We do not read RLUIPA to elevate accommodation of religious observances over an institution's need to maintain order and safety. Our decisions indicate that an accommodation must be measured so that it does not override other significant interests. . . . [Congress] anticipated that courts would apply the Act's standard with "due deference to the experience and expertise of prison and jail administrators in establishing necessary regulations and procedures to maintain good order, security and discipline, consistent with consideration of cost and limited resources."

Cutter, 544 U.S. at 722. "`RLUIPA adopts a . . . strict scrutiny' standard." Couch v. Jabe, 679 F.3d 197, 203 (4th Cir. 2012) (quoting Lovelace v. Lee, 472 F.3d 174, 198 n. 8 (4th Cir. 2006)). Under RLUIPA, the "plaintiff bears the burden of persuasion on whether the policy or practice substantially burdens his exercise of religion. If the plaintiff satisfies this requirement, the government must then prove that the challenged policy is the least restrictive means of furthering a compelling governmental interest." Couch, 679 F.3d at 200 (internal citations omitted).

In this case, Neal-El claims are wholly premised on a temporary one-week removal from the religious service list during which time prison official investigated information that he was involved in activities jeopardizing institutional security. Once the information was found meritless, prison officials returned Neal-El to the attendance list. This one-time denial of attendance at a group religious service in order to ensure institutional security does not amount a substantial burden on religious practice nor a claim of constitutional proportion. Notably, there are no facts to suggest that Neal-El was otherwise prevented from engaging in the practices and following the tenets of his faith during this brief time.

In the absence of an abridgment of a liberty interest constitutional infringement, Neal-El has no basis for alleging a violation of procedural due process. The Due Process Clause applies when government action deprives an individual of a legitimate liberty or property interest. See Board of Regents of State Colleges. v. Roth, 408 U.S. 564, 569 (1972). The first step in analyzing a procedural due process claim is to identify whether the alleged conduct affects a protected interest. See Beverati v. Smith, 120 F.3d 500, 502 (4th Cir. 1997). Liberty interests "may arise from the Constitution itself, by reason of guarantees implicit in the word liberty, . . . or [they] may arise from an expectation or interest created by state laws or policies." Wilkinson v. Austin, 545 U.S. 209, 221 (2005) (internal citations and quotations omitted). Having concluded Neal-El claims do not rise to a matter of constitutional proportion, there is no violation of due process.

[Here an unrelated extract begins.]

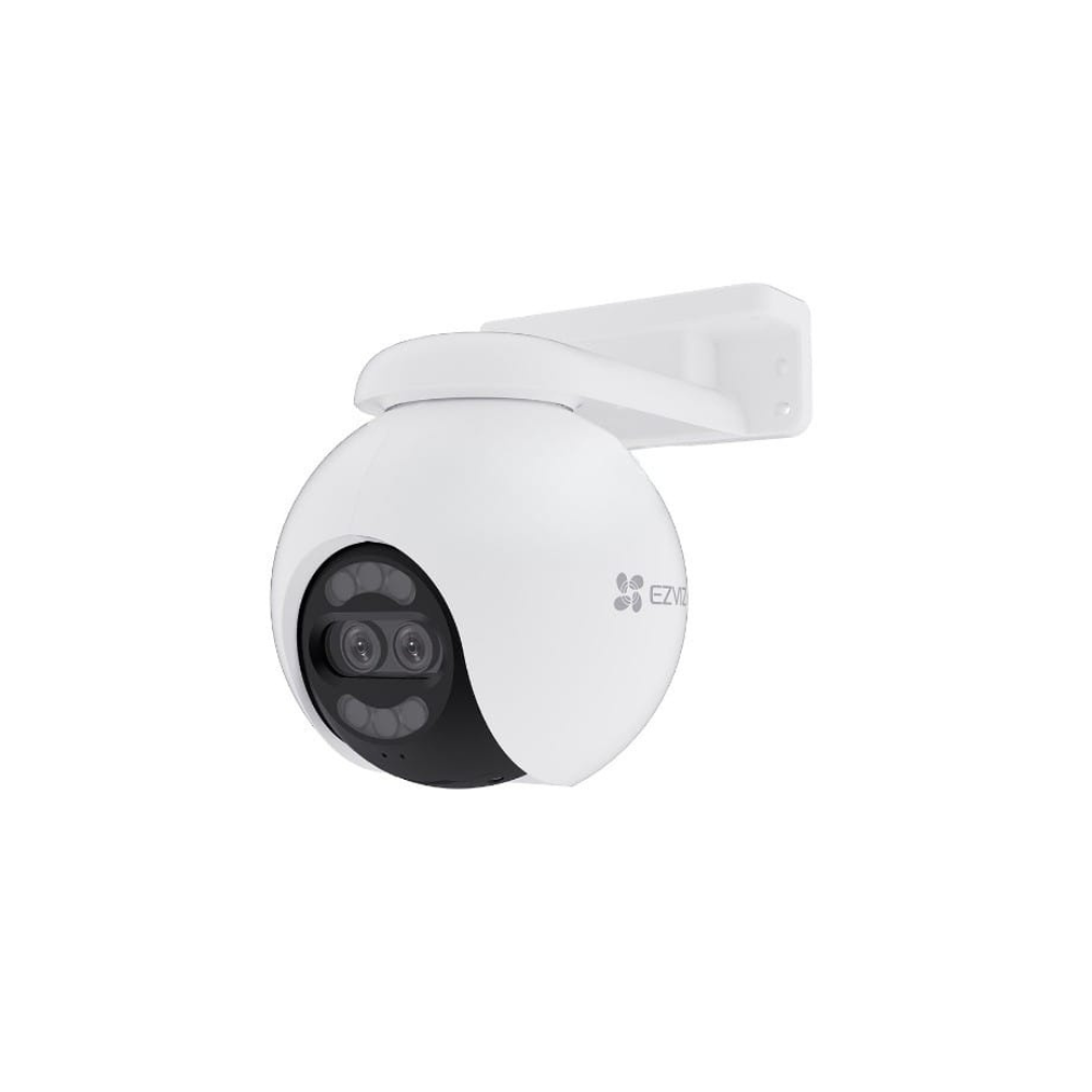 The EZVIZ H80x Dual 4K Pan & Tilt Camera packs two 8 MP UHD sensors into one motorized unit for seamless 360° coverage with no blind spots. The upper 4 mm lens captures broad scenes in 4K Ultra HD (3840×2160), while the lower 6 mm lens provides detailed close-ups. Intelligent co-detection and smart tracking hand off moving targets between lenses. Features include AI-powered human & vehicle detection, two patrol modes, one-tap lens switching, color night vision with warm spotlights, two-way audio, Active Defense (110 dB siren + strobe), and integration with Alexa & Google Assistant.

When viewing the facts in the light most favorable to Plaintiff, this Court finds Neal-El has not set forth claims of constitutional magnitude. Accordingly, even had these claims been fully exhausted, they do not provide grounds for relief.

CONCLUSION

For these reasons, the Court will grant Defendants Motion for Summary Judgment. Summary judgment will be entered in favor of Defendants and against Plaintiff by separate Order to follow.

FootNotes


1. Gary Maynard was Secretary of the Department of Public Safety and Correctional Services and Frank Bishop was Warden at Western Correctional Institution at the time Neal-El was removed from the service attendance list.
2. Although Turner involved a regulation, the Turner analysis also applies to individual actions or decisions that interfere with an inmate's religious exercise. See, e.g., Boles v. Neet, 486 F.3d 1177, 1181 n. 4 (10th Cir. 2007) ("`individualized decision to deny a prisoner the ability to engage in religious exercise is analyzed in the same way as a prison regulation denying such exercise'" (quoting Salahuddin v. Goord, 467 F.3d 263, 274 n. 4 (2d Cir. 2006)).